9 reasons why a child might not become an active bilingual

by | Mar 20, 2013 | Bilingualism, Challenges, Family life, How to motivate a bilingual / multilingual child to speak a family language | 3 comments

9 reasons why a child might not become an active bilingual

Why do not all children in multilingual families grow up to become bilingual? What are the differences between the families that succeed and those who don’t?

First, let’s start with some quick myth-busting: How clever or linguistically talented a child is has nothing to do with becoming a bilingual – any normal child can learn the languages of the family. The socio-economic status of the family is also not a deciding factor, nor is how educated the parents are – all parents have the ability to pass on a language to their children.

So why do some children only acquire a passive understanding of a family language? Here are the main reasons why:

1. Lack of conscious effort
Some parents who have themselves grown up with two languages think that it’s something automatic, just like it was for them them, so they don’t think they have to pay attention to passing on the language. Often at the time when the parents notice that the children really can’t express themselves well enough, the children are at an age where a change in behaviour and family language patterns would require a bit of extra effort, so it does not happen.

2. Lack of consistency
For children to acquire a language, they need interaction with other speakers. If parents and family members frequently switch between languages a child will most likely pick up both (or all) languages, but at the point when the child goes to school, the majority language might take over. Start of nursery or school is the time when consistency is most required from the parents to keep the home language(s) alive.

3. Lack of confidence
There are parents who are not confident that they would be able to “teach” their children their language. All normally developed children will learn to speak and they learn from their parents. You do not need to know your language perfectly, neither do you have to act like a teacher, just be yourself.

4. Lack of exposure
To acquire a language children should be exposed to it for at least 20% of their waking time – the general consensus is a recommendation of 30%, but it is not possible to give an exact percentage. The exposure should be interactive and engaging. If children only occasionally hear a language and not on a daily basis, they may not become active speakers of it.

5. Lack of pride in the language
This I find really sad – there are those parents who are not proud of their native language and think that it is not as useful as the majority language, so might not bother passing it on. No language is better or worse than the other and all language skills are beneficial.

6. Low status of the language
If a language is spoken mainly by a group of people whose socio-economic status is on average lower than the one for majority language speakers, this may lead to the incorrect assumption that the language in itself is less valuable. Parents that feel like this, may decide not to pass their language on. An incorrect decision, on so many levels.

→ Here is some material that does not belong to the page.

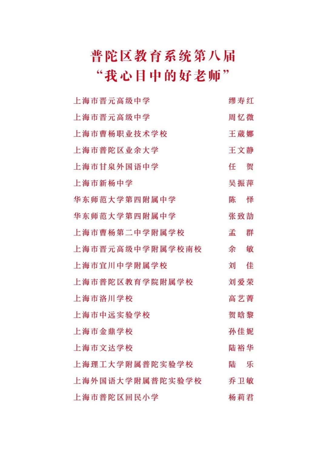 祝贺以上所有受表彰的老师
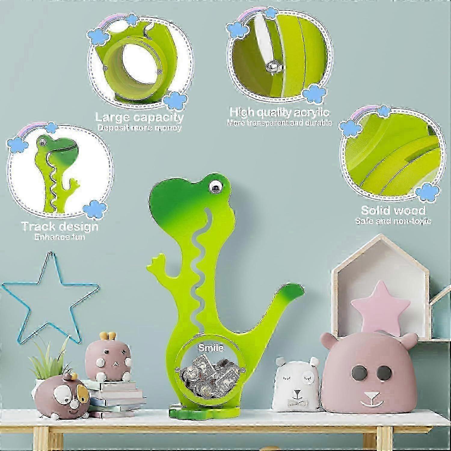 Wooden Dinosaur Piggy Bank for Boys Kids Girls Clear Big Belly Animal Coin Bank for Toddler Real Money Toy

7. Myths about bilingual children
It really upsets me when parents give up on passing their languages on due to misconceptions. Despite all the research to the contrary, there are still many myths about bringing up bilingual children: that children get confused by the many languages, that their development will be delayed, that it’s a disadvantage for them at school, that they will not learn any language properly. Myths, myths, myths! I really do hope parents would seek the correct support.

8. Incorrect advice
It is unfortunately not unusual for professional people to advise parents to drop a language. This misguided advice may come from teachers, GPs or even speech therapists. It is important to always seek correct information from professionals that are familiar with bilingualism.

9. “We didn’t have the time”
I have heard some parents stating “time” as the main reason for not bringing up their children to become bilingual. I have deliberately put this in quotation marks, as it is hardly ever the real reason. Yes, family life is busy in today’s world, but you still have to communicate! When communicating you are using a language that your child can pick up. Given the right guidance, passing on the family’s languages becomes a part of the daily routine.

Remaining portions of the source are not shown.